Date of this Version

Summer 1984

Citation

Great Plains Quarterly Vol. 4, No. 3, Summer 1984, pp. 202-203.

Comments

Copyright 1984 by the Center for Great Plains Studies, University of Nebraska-Lincoln

Abstract

Using an impressive array of company and union publications, newspapers, directories, and archival materials, James H. Ducker delineates the lives and experiences of the Santa Fe Railroad's labor force. Although he includes three chapters relating to unionism, strike action, and working-class politics, his main focus is on the more private side of his subjects' stories. Even in his chapter on the railroad unions, the author is as interested in the fraternal and social functions they served as in their collective bargaining character.

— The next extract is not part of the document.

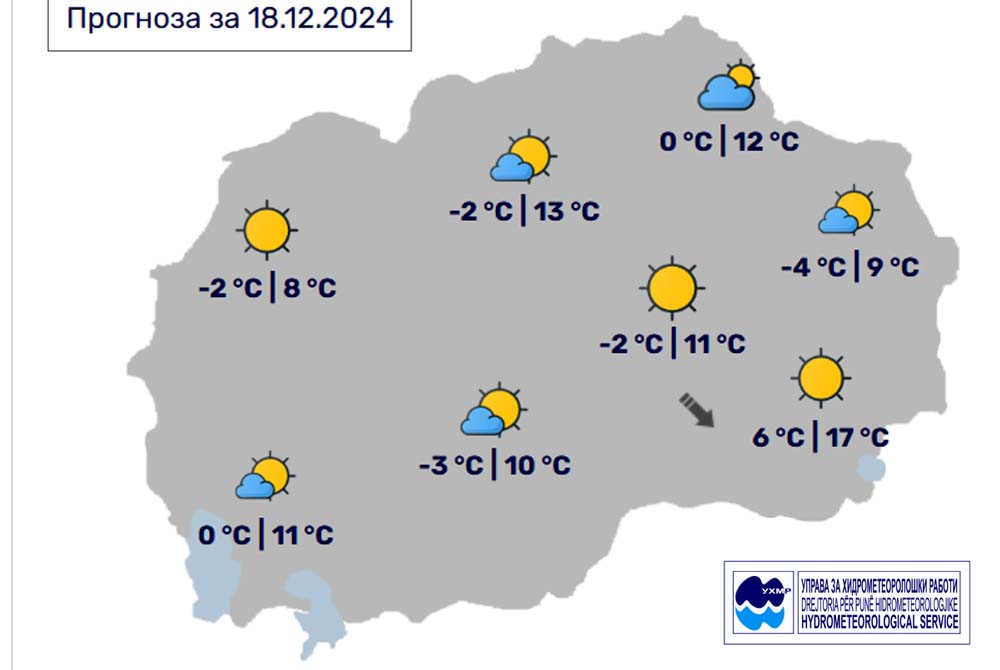 Денес, среда, 18 декември, во Битола според прогнозите на метеоролозите на Управата за хидрометеоролошки работи, времето ќе биде сончево со мала до умерена облачност поголема попладне. Ќе дува слаб ветер од северозападен правец. Температурата во Битола до 10 степени.

Ducker carefully places each of his topics in an appropriate historiographical context. When dealing with the strikes of the late nineteenth century, for example, he juxtaposes patterns of community response along the Santa Fe with those that Herbert Gutman depicted in his pioneering articles on coal-mining communities. In examining the working lives of the railroaders, Ducker considers attitudes toward managerial initiatives in light of David Montgomery's work on the nineteenth-century struggles over control of the workplace.

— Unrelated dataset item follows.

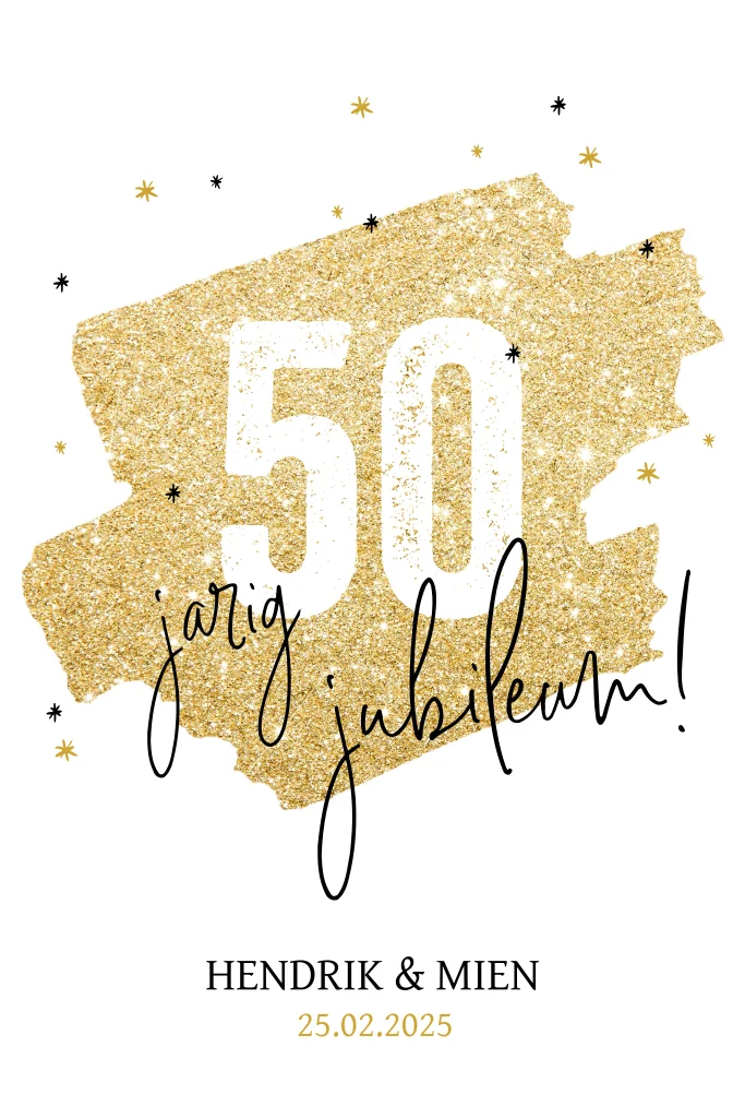 Een hippe uitnodiging voor een 50-jarig huwelijksjubileum. De gouden verfstrepen met glitters zijn een mooie achtergrond voor het getal dat zo belangrijk is: 50 jaar getrouwd zijn is een enorme mijlpaal! Maak de teksten persoonlijk in de online editor en de kaart is klaar om naar familie en vrienden te sturen, zo gedaan!

In both cases, Men of the Steel Rails validates and modifies these important interpretations. Yes, the railroaders often found community support for their strikes, but it depended a great deal on the size of the town and on the proportion of the population that railroaders comprised. Yes, there was resistance to the Santa Fe's efforts to rationalize work in the maintenance shops, but the hostility toward piece rates was usually voiced by national union spokesmen while local workers often cheerfully accepted managerial initiatives.

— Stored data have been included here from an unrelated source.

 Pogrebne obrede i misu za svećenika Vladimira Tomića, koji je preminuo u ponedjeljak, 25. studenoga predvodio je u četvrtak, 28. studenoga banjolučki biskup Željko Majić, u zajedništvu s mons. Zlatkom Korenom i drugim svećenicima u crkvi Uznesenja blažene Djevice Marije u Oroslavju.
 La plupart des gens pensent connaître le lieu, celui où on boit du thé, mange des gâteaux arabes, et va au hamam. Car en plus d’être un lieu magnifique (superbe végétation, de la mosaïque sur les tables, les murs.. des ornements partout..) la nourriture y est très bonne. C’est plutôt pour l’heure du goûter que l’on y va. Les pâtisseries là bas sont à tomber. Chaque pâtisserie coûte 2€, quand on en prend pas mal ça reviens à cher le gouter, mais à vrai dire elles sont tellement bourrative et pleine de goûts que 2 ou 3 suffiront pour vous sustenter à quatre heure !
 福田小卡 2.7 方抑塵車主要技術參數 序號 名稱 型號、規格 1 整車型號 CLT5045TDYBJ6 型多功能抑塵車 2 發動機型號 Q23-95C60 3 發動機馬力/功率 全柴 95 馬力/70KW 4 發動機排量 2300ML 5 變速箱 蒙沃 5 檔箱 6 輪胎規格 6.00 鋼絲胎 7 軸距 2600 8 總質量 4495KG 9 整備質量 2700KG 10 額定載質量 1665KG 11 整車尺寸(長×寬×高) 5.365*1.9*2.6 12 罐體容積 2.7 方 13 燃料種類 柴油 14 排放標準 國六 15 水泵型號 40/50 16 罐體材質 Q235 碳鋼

Ducker's study is most valuable in offering an extended look into the private lives of railroaders and their families. This material is difficult to summarize, as Ducker presses no sustained thesis, nor does he employ anthropological or sociological formulations. He does use quantitative techniques to analyze demographic data, thus establishing the increasingly segmented class and geographic patterns of one railroad center. More fruitful, however, is Ducker's focus on the details of workers' lives. He quotes extensively from railroad workers' publications and brings his readers into the homes, workplaces, union halls, reading rooms, and saloons where they lived out their lives. Men of the Steel Rails is an intelligent, modest, and disciplined study, a worthy addition to labor history and to the history of the late nineteenthcentury American West.